New York, January 6, 2026, 12:24 ET — Regular session
- CoreWeave shares slide in midday trade after Truist opens coverage at Hold with an $84 target
- The AI cloud provider said it plans to add Nvidia’s Rubin platform, with deployment expected in the second half of 2026
- A D.A. Davidson analyst upgraded the stock a day earlier but kept a cautious tone on returns
CoreWeave shares fell 3.5% to $74.15 in midday trading on Tuesday after Truist Securities initiated coverage of the AI cloud infrastructure provider at “Hold” with an $84 price target, citing the company’s leverage and heavy capital spending needs. The company counts OpenAI, Microsoft, Meta and Google among customers, according to Truist.

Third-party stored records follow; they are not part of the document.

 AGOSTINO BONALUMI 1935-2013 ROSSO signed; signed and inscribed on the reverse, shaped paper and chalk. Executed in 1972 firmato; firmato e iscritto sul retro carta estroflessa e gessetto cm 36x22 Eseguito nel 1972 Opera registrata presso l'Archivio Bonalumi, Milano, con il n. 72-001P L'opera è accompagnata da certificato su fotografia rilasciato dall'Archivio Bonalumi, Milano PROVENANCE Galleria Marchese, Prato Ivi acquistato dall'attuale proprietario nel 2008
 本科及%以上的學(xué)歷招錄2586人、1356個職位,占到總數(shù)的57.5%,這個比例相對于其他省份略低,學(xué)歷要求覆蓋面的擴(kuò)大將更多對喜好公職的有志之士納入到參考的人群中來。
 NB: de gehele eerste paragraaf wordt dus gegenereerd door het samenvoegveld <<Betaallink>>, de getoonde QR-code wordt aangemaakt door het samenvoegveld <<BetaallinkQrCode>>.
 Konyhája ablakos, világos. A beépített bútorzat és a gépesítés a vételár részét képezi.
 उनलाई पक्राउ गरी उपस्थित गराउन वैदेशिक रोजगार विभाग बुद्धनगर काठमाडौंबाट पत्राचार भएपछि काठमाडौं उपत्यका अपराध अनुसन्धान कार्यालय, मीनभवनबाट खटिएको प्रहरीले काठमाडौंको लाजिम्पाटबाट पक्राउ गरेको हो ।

The new coverage lands as investors reassess spending tied to the next wave of AI hardware. Nvidia on Tuesday unveiled its Rubin platform and said Rubin-based products are expected from partners in the second half of 2026, with a long list of cloud and AI-lab adopters.

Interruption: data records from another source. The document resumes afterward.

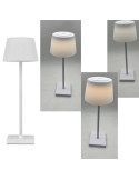 Lampada LED da tavolo ricaricabile con intensità luminosa regolabile e luce calda, fredda o naturale selezionabile. IP44 contro spruzzi di acqua e polvere.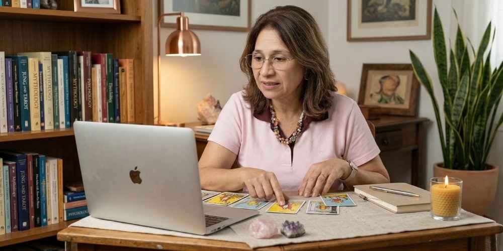 A Leitura Terapêutica do Tarô Alquímico on-line permite acessar, à distância, as informações que o seu inconsciente revela por meio da simbologia das cartas. Cada arcano é interpretado dentro das áreas da vida, trazendo clareza sobre emoções, padrões e movimentos internos que influenciam suas escolhas no presente.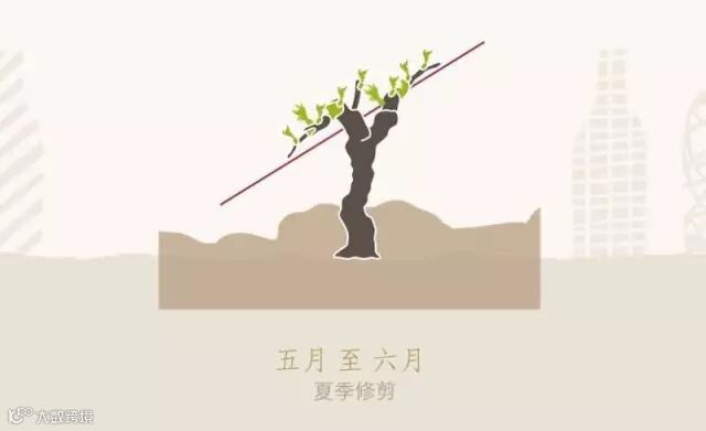 天气渐暖,又到了夏季修剪的时节。与冬季修剪不同,夏季修剪的目的是减少过多的嫩芽,并修正树形,防止长成的枝条使葡萄树负重过大。酿酒师对葡萄树进行摘芽,并按需求修整树形,固定在葡萄架上。这一过程需要眼疾手快,因为在葡萄树长势最旺的时候,枝条每天甚至能够生长5到15厘米。

CoreWeave said on Monday it will add Nvidia Rubin technology to its AI cloud platform and expects to be among the first cloud providers to deploy it in the second half of 2026. Chief executive Michael Intrator called Rubin “an important advancement” as AI shifts toward “reasoning and agentic” workloads.

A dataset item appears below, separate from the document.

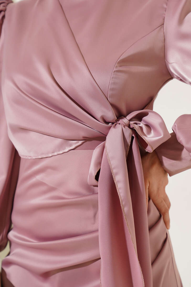 Kolları Fiyonk Detaylı Selanik Elbise Mürdüm

Truist’s note follows a shift in tone from D.A. Davidson analyst Gil Luria, who upgraded CoreWeave to “Neutral” from “Underperform” on Monday and lifted his price target to $68 from $36, while still arguing the company faces an “inevitable reckoning.” Luria pointed to reports that OpenAI may pursue fundraising that “would kick the can down the road,” in his view. Barron’s
Nvidia shares were up 0.3% in midday trading, while Microsoft was down 0.2%, underscoring how CoreWeave has moved on company-specific debate over funding and the pace of AI infrastructure buildouts rather than broader megacap tech swings.
The key risk for bulls is straightforward: CoreWeave’s model requires large upfront outlays for data centers and GPUs, which can magnify the impact of tighter financing conditions or any cooling in customer demand. Delays in hardware delivery or slower adoption of new systems would also test the company’s ability to match spending with contract revenue.
Traders will also watch whether Tuesday’s pullback signals renewed skepticism toward high-spend AI infrastructure names, even as Nvidia pushes the next chip cycle. Fresh analyst initiations and any updates on large customer commitments can move the stock quickly.
The next near-term catalyst is CoreWeave’s next results, with Nasdaq estimating an earnings report around Feb. 9; investors will be focused on guidance for capital spending, funding plans and the pace of customer deployments.